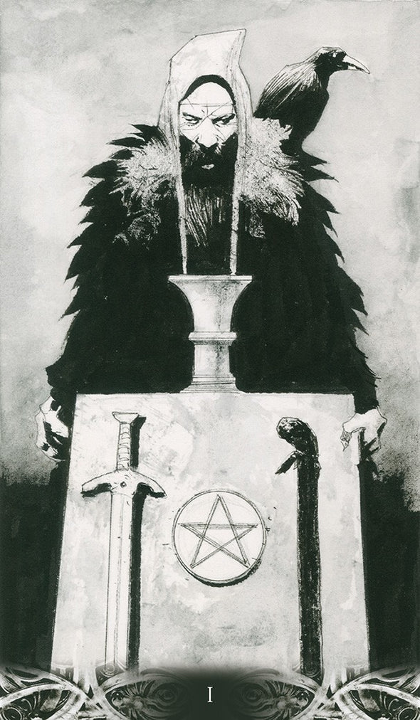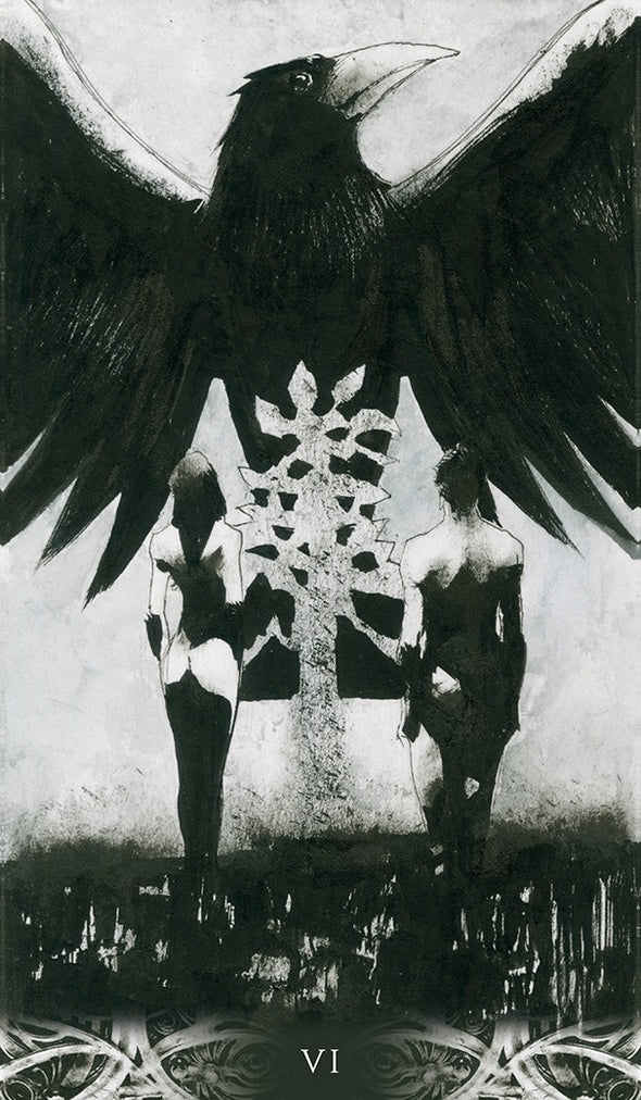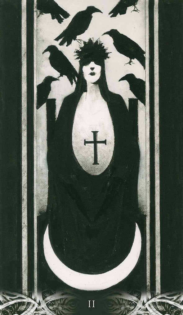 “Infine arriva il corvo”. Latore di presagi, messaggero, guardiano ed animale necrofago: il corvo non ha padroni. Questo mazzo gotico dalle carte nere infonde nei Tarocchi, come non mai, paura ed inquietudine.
= = = = =
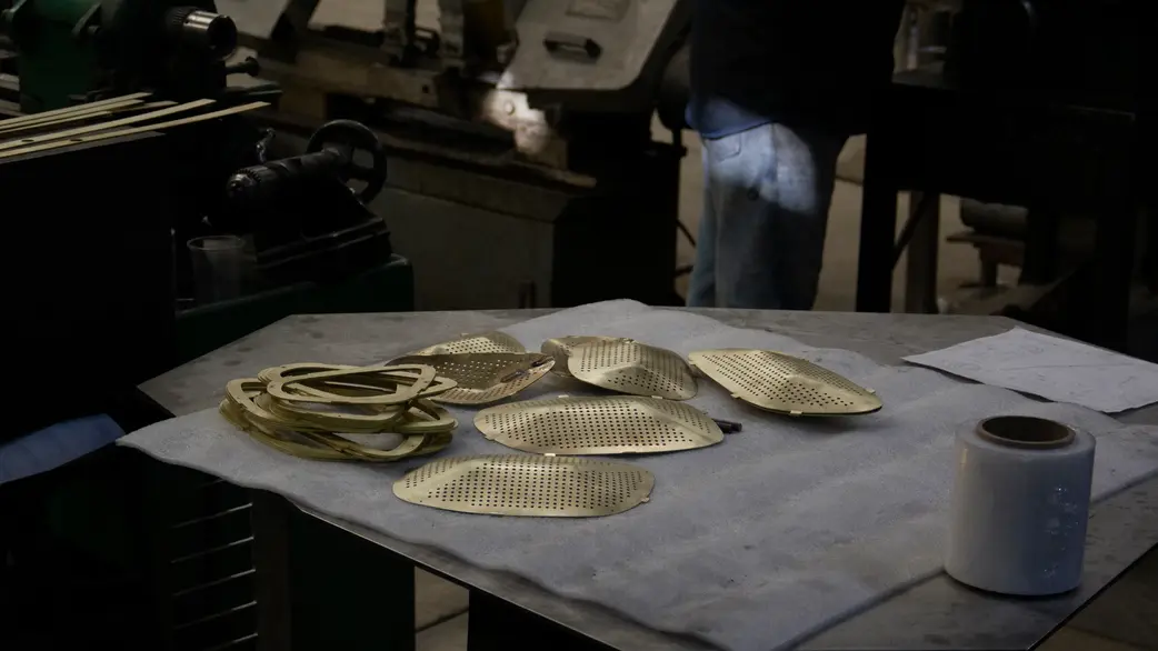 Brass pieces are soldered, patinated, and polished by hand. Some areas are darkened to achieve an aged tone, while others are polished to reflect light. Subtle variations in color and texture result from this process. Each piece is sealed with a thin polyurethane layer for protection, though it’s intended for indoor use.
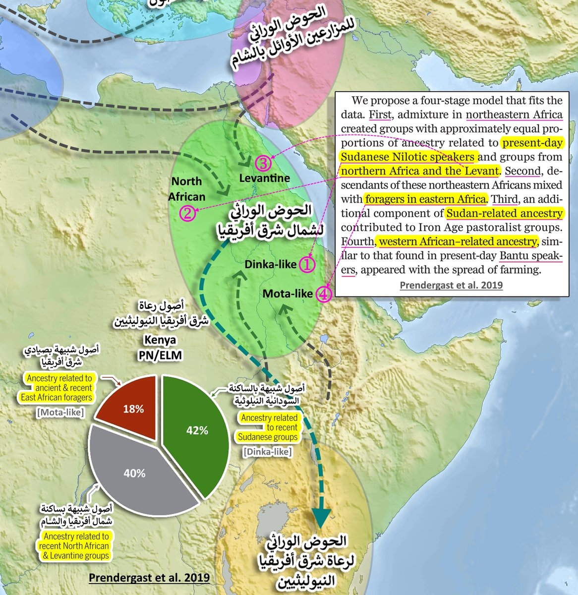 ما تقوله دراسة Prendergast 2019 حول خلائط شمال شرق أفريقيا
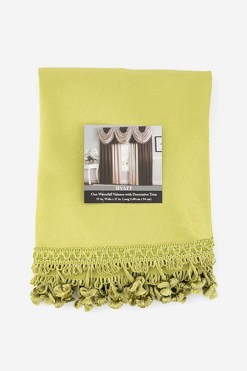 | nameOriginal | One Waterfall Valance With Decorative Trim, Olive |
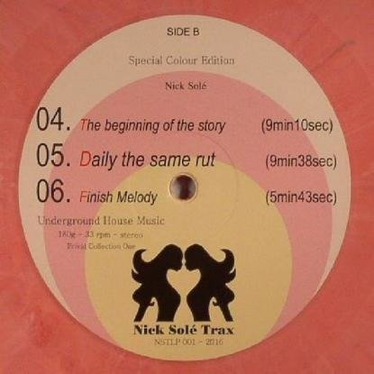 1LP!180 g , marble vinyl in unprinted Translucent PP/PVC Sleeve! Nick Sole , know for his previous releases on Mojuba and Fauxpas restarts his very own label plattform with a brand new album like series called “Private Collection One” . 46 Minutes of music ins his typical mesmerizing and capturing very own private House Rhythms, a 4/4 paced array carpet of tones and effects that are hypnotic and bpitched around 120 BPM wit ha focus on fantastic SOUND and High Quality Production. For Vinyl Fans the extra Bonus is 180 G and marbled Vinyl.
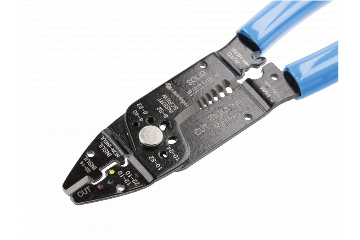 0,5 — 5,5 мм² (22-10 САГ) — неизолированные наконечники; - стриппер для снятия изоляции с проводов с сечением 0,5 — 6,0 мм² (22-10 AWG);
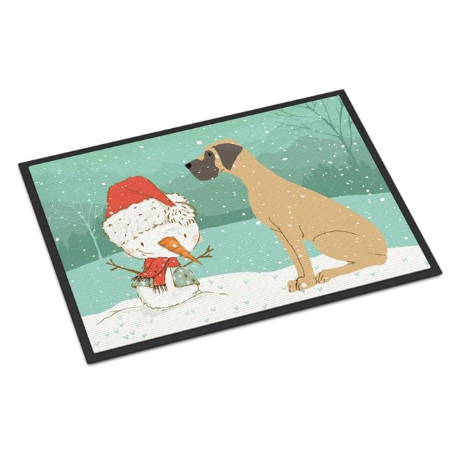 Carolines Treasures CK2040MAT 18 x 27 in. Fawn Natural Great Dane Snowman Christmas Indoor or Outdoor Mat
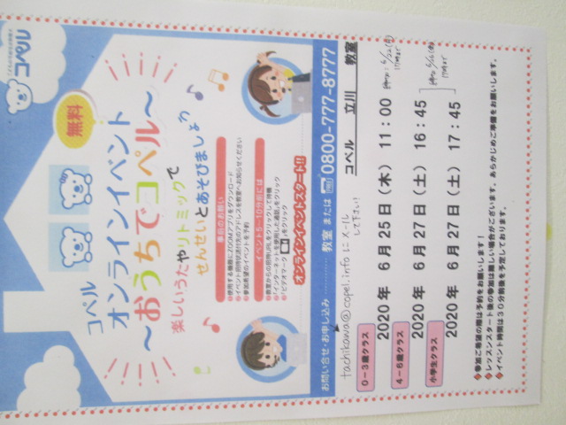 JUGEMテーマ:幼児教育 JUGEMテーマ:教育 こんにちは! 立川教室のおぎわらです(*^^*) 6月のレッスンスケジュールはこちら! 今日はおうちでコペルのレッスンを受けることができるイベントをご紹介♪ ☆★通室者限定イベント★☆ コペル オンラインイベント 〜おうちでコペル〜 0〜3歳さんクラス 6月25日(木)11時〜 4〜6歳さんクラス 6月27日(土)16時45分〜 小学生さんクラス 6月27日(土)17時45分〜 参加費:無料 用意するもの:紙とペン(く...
= = = = =
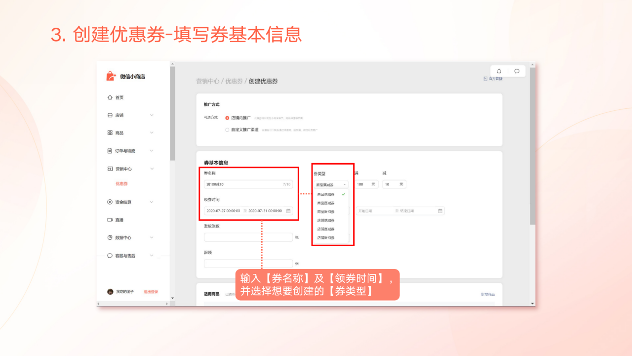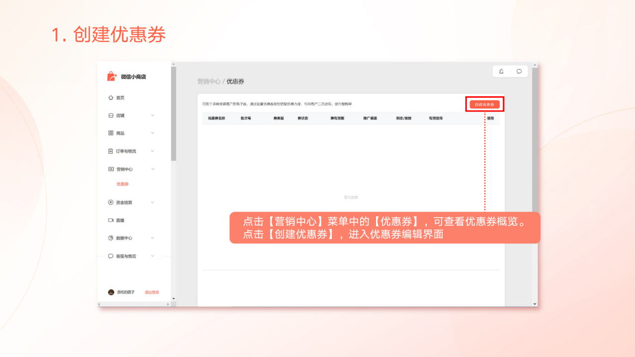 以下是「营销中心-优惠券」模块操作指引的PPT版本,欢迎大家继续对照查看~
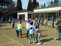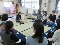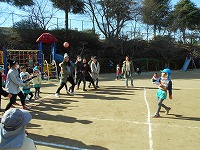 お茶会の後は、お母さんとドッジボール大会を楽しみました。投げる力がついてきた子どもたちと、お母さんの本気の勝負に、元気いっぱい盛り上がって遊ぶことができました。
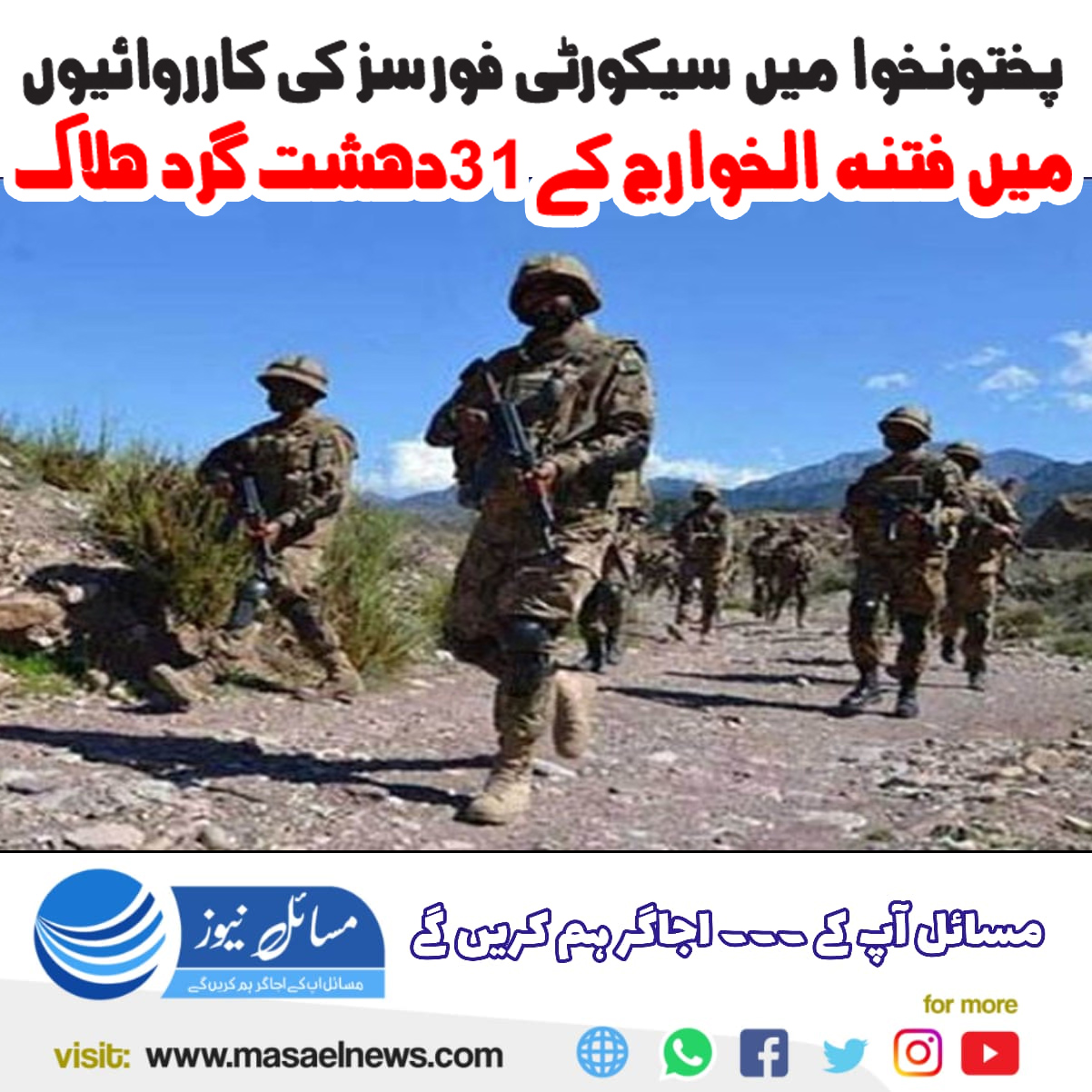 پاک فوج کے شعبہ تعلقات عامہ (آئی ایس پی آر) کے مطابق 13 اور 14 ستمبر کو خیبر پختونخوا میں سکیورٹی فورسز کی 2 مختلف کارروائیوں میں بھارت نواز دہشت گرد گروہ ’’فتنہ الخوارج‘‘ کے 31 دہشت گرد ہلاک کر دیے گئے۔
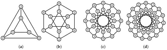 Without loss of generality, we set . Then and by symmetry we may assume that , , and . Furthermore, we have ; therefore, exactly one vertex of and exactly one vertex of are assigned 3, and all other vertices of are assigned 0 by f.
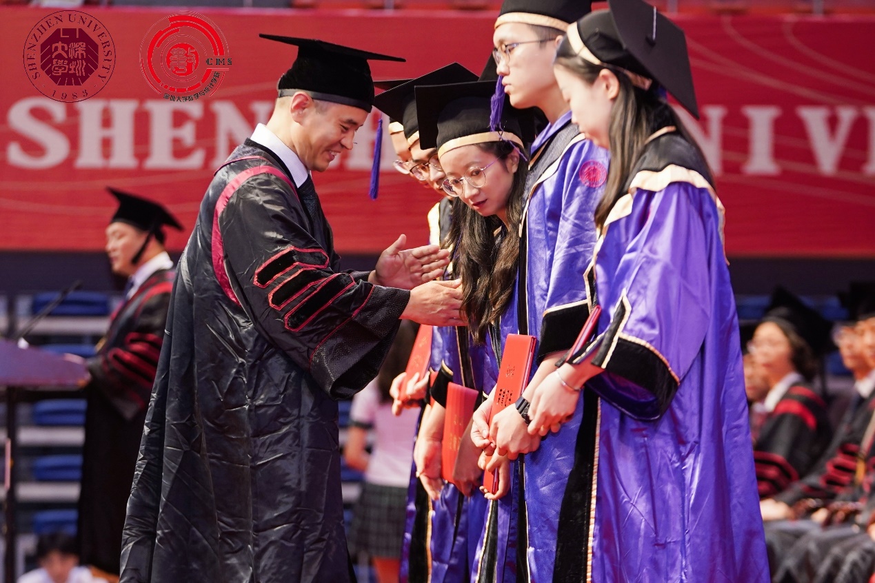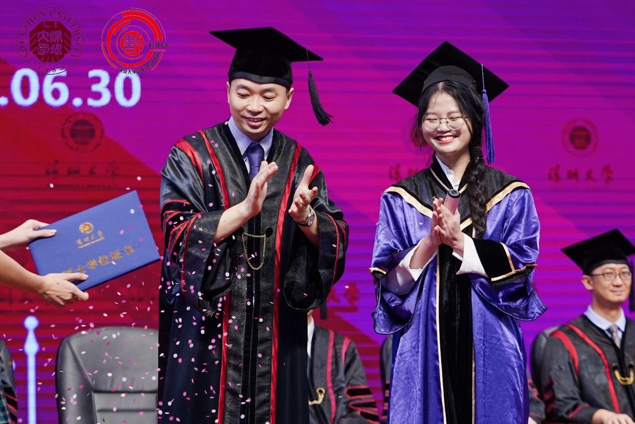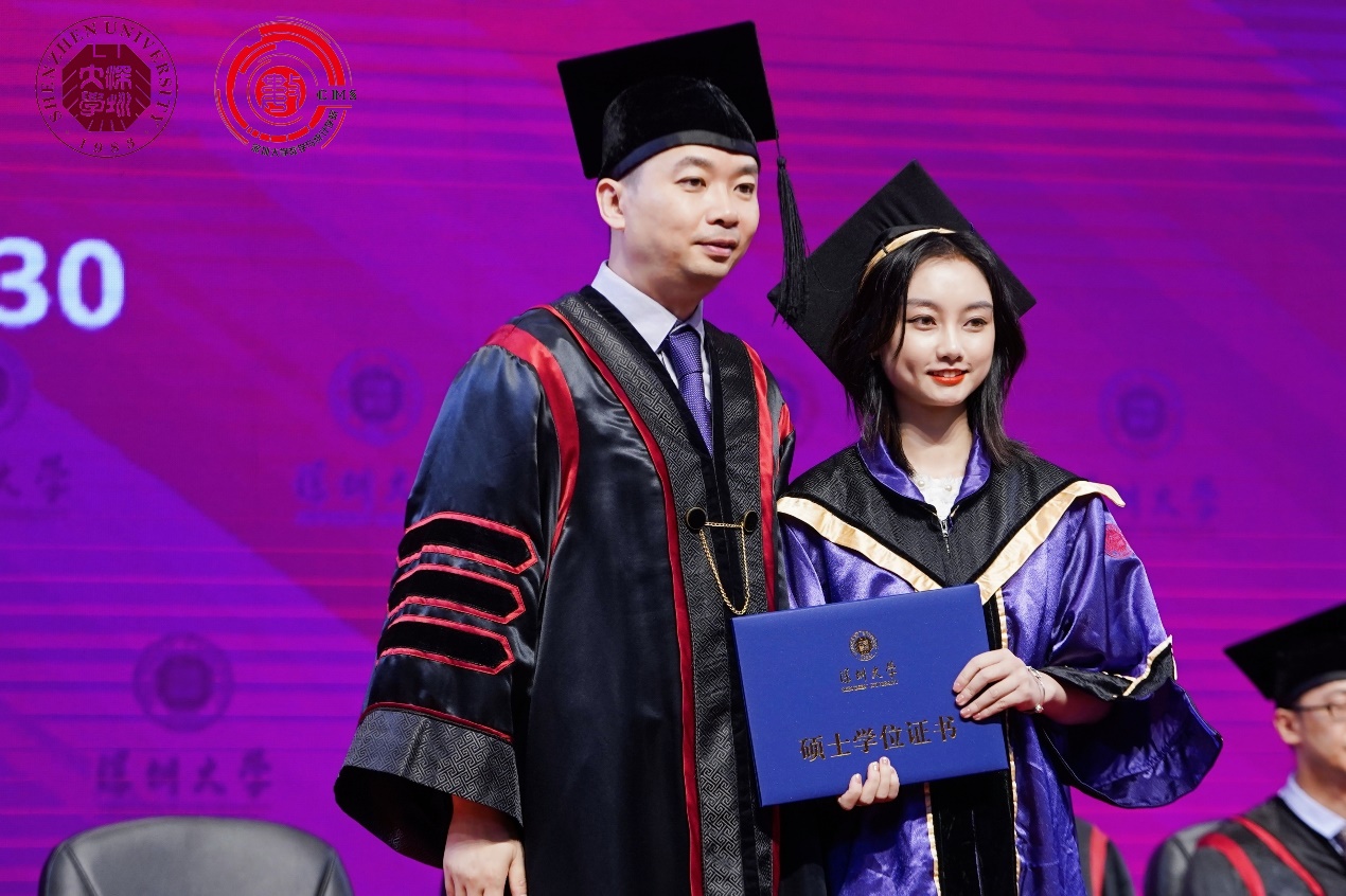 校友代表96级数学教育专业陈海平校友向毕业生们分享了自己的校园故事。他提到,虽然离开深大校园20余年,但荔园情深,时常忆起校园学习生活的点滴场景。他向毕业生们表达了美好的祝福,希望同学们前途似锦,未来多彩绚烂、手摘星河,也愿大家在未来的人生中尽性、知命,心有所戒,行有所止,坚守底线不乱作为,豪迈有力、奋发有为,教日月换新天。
= = = = =
» **REQUIRED ACTION**
Reproduce the data above exactly, but only the lines from the one showing "お茶会の後は、お母さんとドッ" through the one showing "校友代表96级数学教育专业陈", with both ends kept and the pictures left out.

» **SOLUTION BELOW**
 お茶会の後は、お母さんとドッジボール大会を楽しみました。投げる力がついてきた子どもたちと、お母さんの本気の勝負に、元気いっぱい盛り上がって遊ぶことができました。
 پاک فوج کے شعبہ تعلقات عامہ (آئی ایس پی آر) کے مطابق 13 اور 14 ستمبر کو خیبر پختونخوا میں سکیورٹی فورسز کی 2 مختلف کارروائیوں میں بھارت نواز دہشت گرد گروہ ’’فتنہ الخوارج‘‘ کے 31 دہشت گرد ہلاک کر دیے گئے۔
 Without loss of generality, we set . Then and by symmetry we may assume that , , and . Furthermore, we have ; therefore, exactly one vertex of and exactly one vertex of are assigned 3, and all other vertices of are assigned 0 by f.
 校友代表96级数学教育专业陈海平校友向毕业生们分享了自己的校园故事。他提到,虽然离开深大校园20余年,但荔园情深,时常忆起校园学习生活的点滴场景。他向毕业生们表达了美好的祝福,希望同学们前途似锦,未来多彩绚烂、手摘星河,也愿大家在未来的人生中尽性、知命,心有所戒,行有所止,坚守底线不乱作为,豪迈有力、奋发有为,教日月换新天。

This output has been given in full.